Pappy Waldorf
- Waldorf pictured in The Redskin 1930, Oklahoma A&M yearbook

Biographical details
- Born: October 3, 1902 Clifton Springs, New York, U.S.
- Died: August 15, 1981 (aged 78) Berkeley, California, U.S.

Playing career
- 1922–1924: Syracuse
- Position: Tackle

Coaching career (HC unless noted)
- 1925–1927: Oklahoma City
- 1928: Kansas (line)
- 1929–1933: Oklahoma A&M
- 1934: Kansas State
- 1935–1946: Northwestern
- 1947–1956: California

Administrative career (AD unless noted)
- 1933–1934: Oklahoma A&M

Head coaching record
- Overall: 174–100–22
- Bowls: 0–3

Accomplishments and honors

Championships
- 1 OIC (1927) 3 MVC (1930, 1932–1933) 1 Big Six (1934) 1 Big Ten (1936) 3 PCC (1949–1951)

Awards
- AFCA Coach of the Year (1935); Amos Alonzo Stagg Award (1970); Second-team All-American (1924);
- College Football Hall of Fame Inducted in 1966 (profile)

= Pappy Waldorf =

American football player and coach (1902–1981)

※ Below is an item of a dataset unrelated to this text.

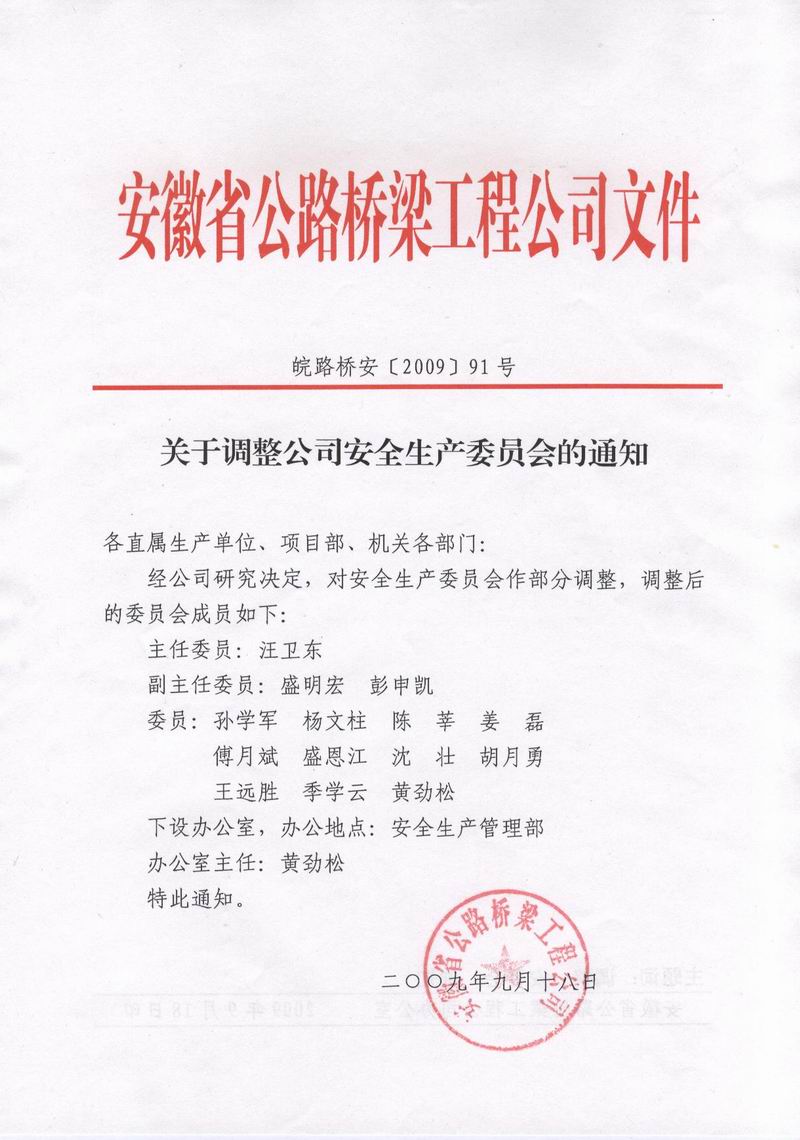 關(guān)于調(diào)整公司安全生產(chǎn)委員會(huì)的通知

Lynn Osbert "Pappy" Waldorf (October 3, 1902 – August 15, 1981) was an American college football player and coach. He received the first national collegiate football coach of the year award in 1935. Waldorf became known for his motivational coaching, connection with his players and the extremely organized and consistent coaching technique. He won conference titles with each of the five teams that he coached. Waldorf coached from 1925 to 1956, serving as the head football coach at Oklahoma City University, Oklahoma State University, Kansas State University, Northwestern University, and the University of California, Berkeley. Waldorf's career coaching record was 174–100–22. Waldorf was inducted into the College Football Hall of Fame in 1966.

==Early years==
Waldorf, a son of Methodist bishop Ernest Lynn Waldorf, was born in Clifton Springs, New York. As a collegiate athlete, Waldorf played tackle for Syracuse University from 1922 to 1924 and was named an All American in each of those three years. He was also a member of the Syracuse Orange men's crew in 1923. He graduated with degrees in sociology and psychology. In 1925 he married his wife, Louise McKay.

==Coaching career==
===Oklahoma City===
In 1925 Waldorf was hired as an athletic director at Oklahoma City University, which is affiliated with the United Methodist Church. He was able to get the job through his father, a Methodist bishop. Waldorf also became the head coach for football, basketball, and track teams. He was paid $4,000 per year, a substantial salary for that time.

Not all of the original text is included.